Gaussian mixture models (GMMs) are fundamental tools in statistical and data sciences. We study the moments of multivariate Gaussians and GMMs. The $d$-th moment of an $n$-dimensional random variable is a symmetric $d$-way tensor of size $n^d$, so working with moments naively is assumed to be prohibitively expensive for $d>2$ and larger values of $n$. In this work, we develop theory and numerical methods for \emph{implicit computations} with moment tensors of GMMs, reducing the computational and storage costs to $\mathcal{O}(n^2)$ and $\mathcal{O}(n^3)$, respectively, for general covariance matrices, and to $\mathcal{O}(n)$ and $\mathcal{O}(n)$, respectively, for diagonal ones. We derive concise analytic expressions for the moments in terms of symmetrized tensor products, relying on the correspondence between symmetric tensors and homogeneous polynomials, and combinatorial identities involving Bell polynomials. The primary application of this theory is to estimating GMM parameters (means and covariances) from a set of observations, when formulated as a moment-matching optimization problem.
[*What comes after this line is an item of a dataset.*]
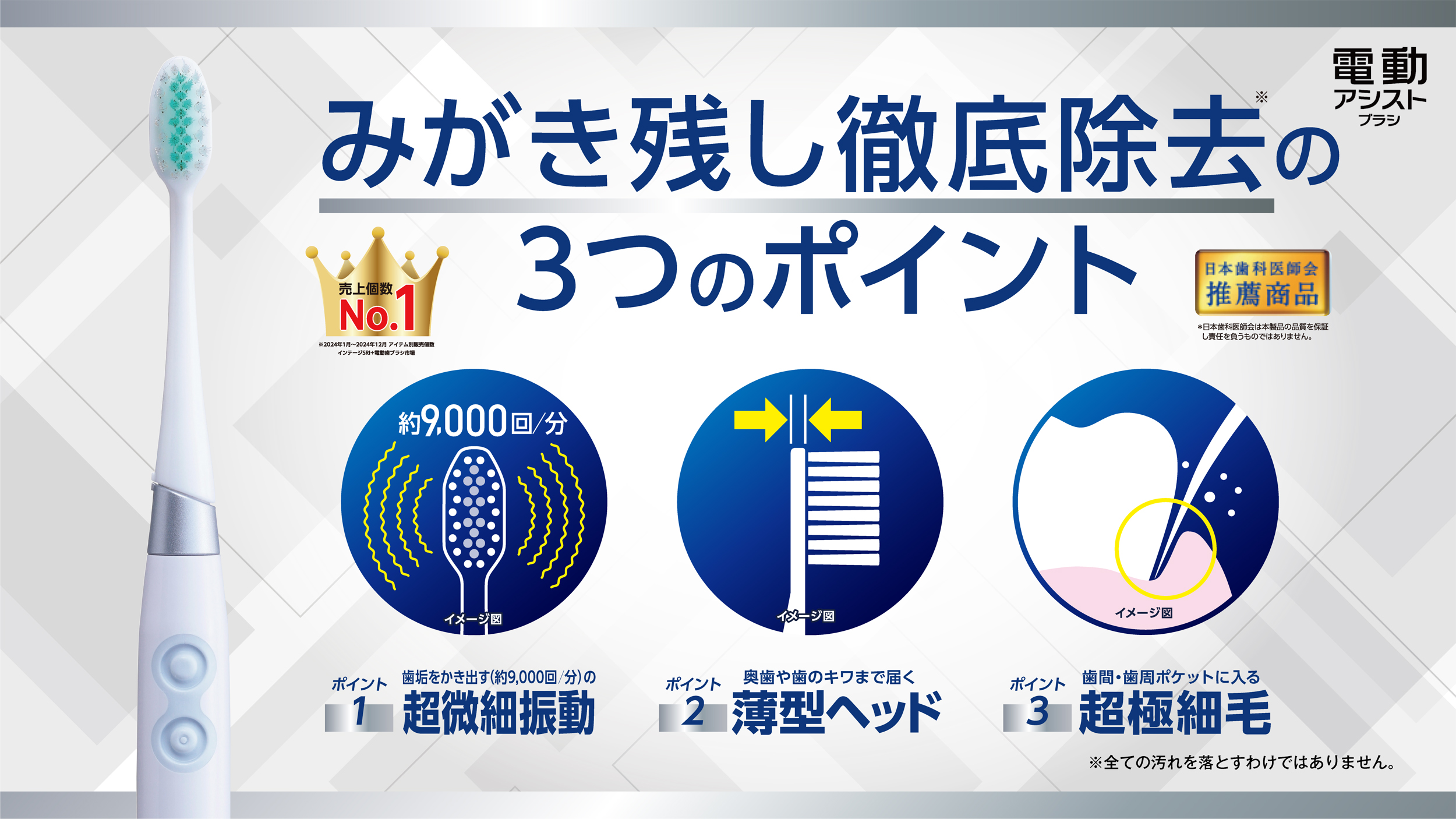 あっ、ライオン電動アシストブラシはどうでしょうか?音波振動(約9,000回/分)が歯垢の除去をアシストしてくれますよ。

If there is a known and common covariance matrix, we also show it is possible to debias the data observations, in which case the problem of estimating the unknown means reduces to symmetric CP tensor decomposition. Numerical results validate and illustrate the numerical efficiency of our approaches. This work potentially opens the door to the competitiveness of the method of moments as compared to expectation maximization methods for parameter estimation of GMMs.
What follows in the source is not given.